■ **Data section**:
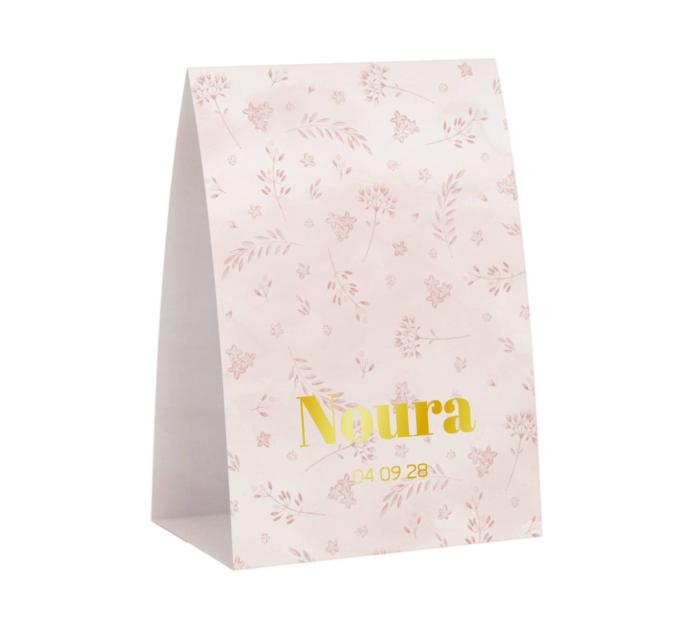 Een romantisch tentvorm geboortekaartje voor jouw dochter. Dit kaartje vouw je zo dat het een tentvorm heeft en kan blijven staan. Het bloemenpatroon kun je zelf een andere kleur geven, de naam en geboortedatum zijn hier gedrukt in goudfolie wat een prachtige glans geeft.
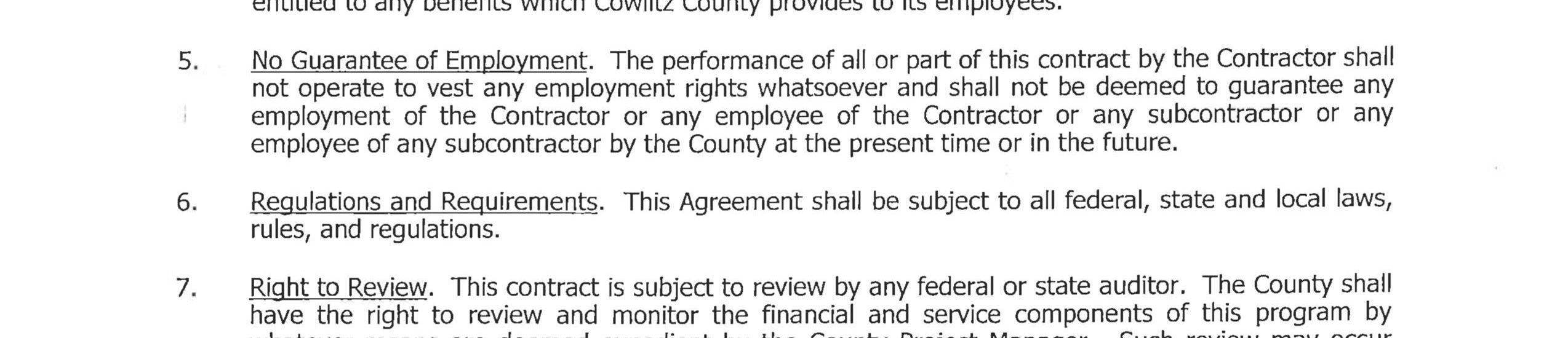 WHEREAS, County and NaphCare, Inc. (“NaphCare”) entered into a Personal Services Agreement, Contract Number 03012020 on February 25, 2020 (“Agreement”), wherein NaphCare provided inmate health care services at the Cowlitz County Corrections Department facilities;
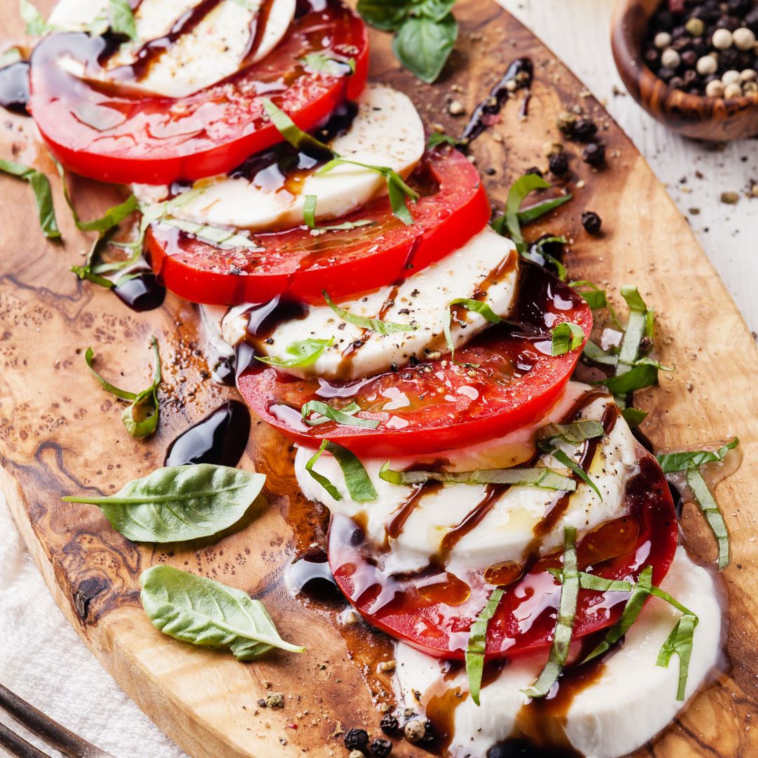 4.卡布里沙拉(caprese salad)︰番茄、羅勒葉、新鮮莫札瑞拉起司、巴薩米克醋。
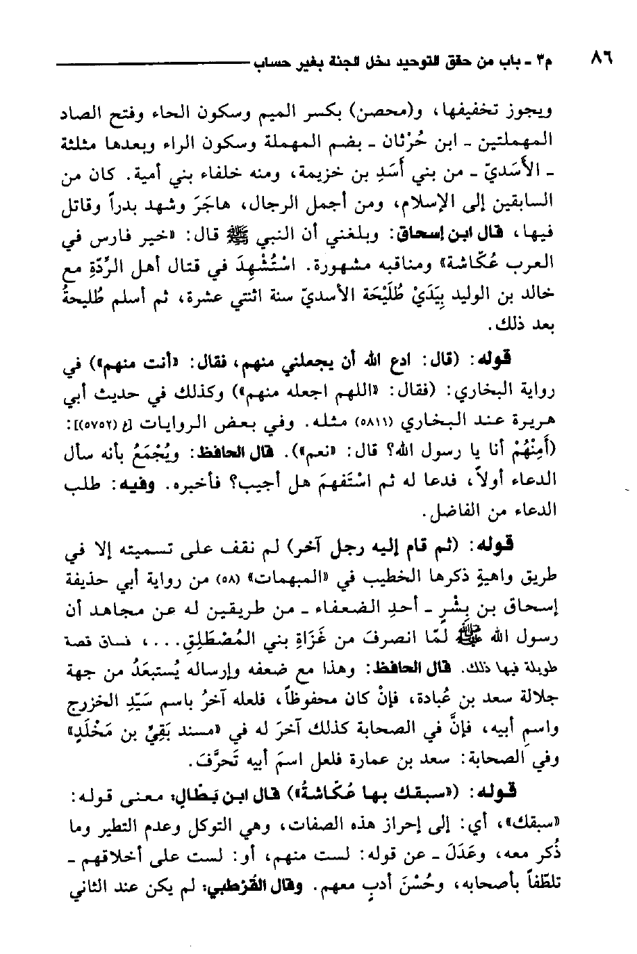 ويجوز تخفيفها. ومحصن بكسر الميم وسكون الخاء وفتح الصاد المهملتين - ابن حرثان- بضم المهملة وسكون الراء وبعدها مثلثة- الأسدي من بني أسد بن خزيمة ومنه خلفاء بني أمية، كان من السابقين إلى الإسلام، ومن أجمل الرجال - هاجر وشهد بدرا وقاتل فيها. قال ابن إسحاق: وبلغني أن النبي صلى الله عليه وسلم قال:- "خير فارس في العرب عكاشة". ومناقبه مشهورة استشهد في قتال أهل الردة مع خالد بن الوليد بيدي طليحة الأسدي سنة اثنتي عشرة ثم أسلم طليحة بعد ذلك.

■ **What the exercise asks**:
The first line of the listing through the line with "4.卡布里沙拉(capres": repeat exactly that span and nothing more, skipping pictures.

■ **Output for this exercise**:
 Een romantisch tentvorm geboortekaartje voor jouw dochter. Dit kaartje vouw je zo dat het een tentvorm heeft en kan blijven staan. Het bloemenpatroon kun je zelf een andere kleur geven, de naam en geboortedatum zijn hier gedrukt in goudfolie wat een prachtige glans geeft.
 WHEREAS, County and NaphCare, Inc. (“NaphCare”) entered into a Personal Services Agreement, Contract Number 03012020 on February 25, 2020 (“Agreement”), wherein NaphCare provided inmate health care services at the Cowlitz County Corrections Department facilities;
 4.卡布里沙拉(caprese salad)︰番茄、羅勒葉、新鮮莫札瑞拉起司、巴薩米克醋。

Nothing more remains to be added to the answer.